GeneReviews® [Internet]. Seattle (WA): University of Washington, Seattle; 1993-2019.
2014 Aug 21.

Author information

Academic Medical Center, Department of Neurogenetics, University of Amsterdam, Amsterdam, The Netherlands
Emma Children’s Hospital, Pediatric Neurology, University of Amsterdam, Amsterdam, The Netherlands



EXOSC3-related pontocerebellar hypoplasia (PCH) is characterized by abnormalities in the posterior fossa and degeneration of the anterior horn cells. At birth, skeletal muscle weakness manifests as hypotonia (sometimes with congenital joint contractures) and poor feeding. In persons with prolonged survival, spasticity, dystonia, and seizures become evident. Within the first year of life respiratory insufficiency and swallowing difficulties are common. Intellectual disability is severe. Life expectancy ranges from a few weeks to adolescence. To date, 51 individuals with PCH from 36 families with mutation of EXOSC3 have been described.

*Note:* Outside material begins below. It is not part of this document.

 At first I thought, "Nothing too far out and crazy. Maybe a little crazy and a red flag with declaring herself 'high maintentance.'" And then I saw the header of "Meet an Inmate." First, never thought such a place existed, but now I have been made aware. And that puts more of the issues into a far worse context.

The diagnosis is suspected in infants and children with characteristic clinical findings (including evidence of anterior horn cell disease) and characteristic neuroradiologic findings (hypoplasia and/or atrophy of the cerebellum and pons in varying degrees; equal involvement of the cerebellar vermis and cerebellar hemispheres). The diagnosis is established by identification of biallelic EXOSC3 pathogenic variants on molecular genetic testing.

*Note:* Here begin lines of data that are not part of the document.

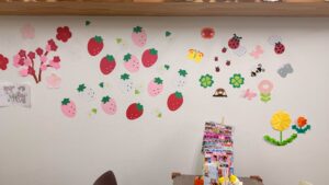 3月から少しずつ増えてきた、真っ赤なイチゴや、ふんわりと咲く桜の飾り。
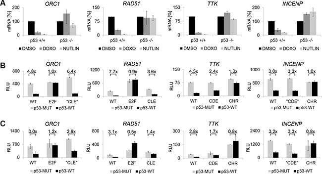 Figure 5: p53-dependent repression of early and late cell cycle genes depends on single or tandem elements and can function in pRB negative cells. (A) p53-positive (p53+/+) or negative (p53−/−) HCT116 cells were treated for 24 h with doxorubicin (DOXO) or Nutlin-3 (NUTLIN) or DMSO. mRNA expression was determined by qPCR. Results were normalized to samples treated with DMSO (100%). (B) p53-negative HCT116 cells or (C) p53/pRB-negative SaOS-2 cells were transfected with wild-type (WT) and mutant (CDE, CHR, E2F, CLE) promoter reporter constructs together with expression plasmids for p53 wild-type (p53-WT) or a DNA binding-deficient mutant (p53-MUT). 48 h after transfection promoter reporter activities were analyzed by luciferase assays and are given as relative light units (RLU).
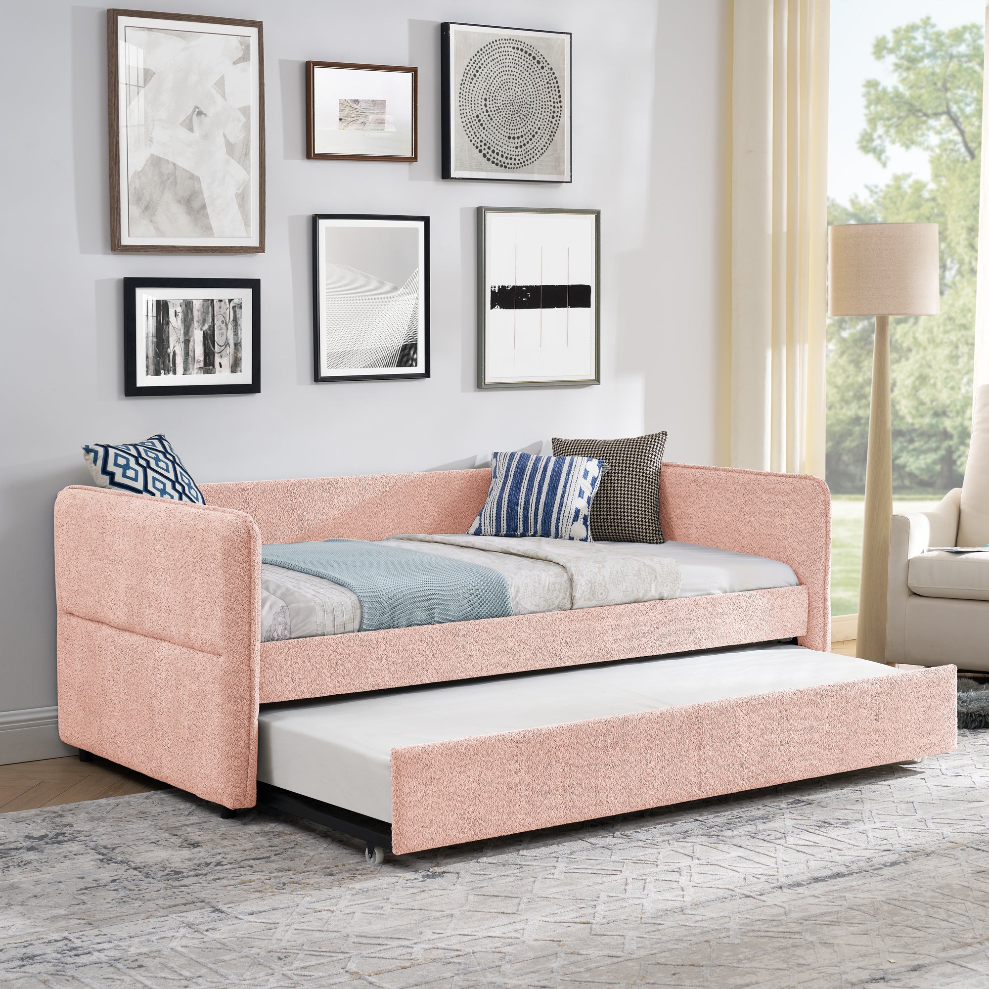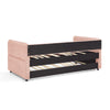 - [Functional Trundle] This exceptional piece of living room furniture is manufactured to meet your needs, allowing the cozy bed to not only afford a comfortable seating experience but also one trundle under the bed provide more sleeping space.

Treatment of manifestations: No specific therapy is available. Treatment is symptomatic. Contractures and scoliosis are managed by passive or active movement and bracing as needed. Aspiration risk and seizures are managed in a routine manner. Education is adapted to the level of cognitive handicap. Surveillance: Regular examinations to address: growth and nutritional status (including problems with feeding and risk of aspiration); respiratory function; joint contractures and scoliosis. Observation for and management of epileptic seizures.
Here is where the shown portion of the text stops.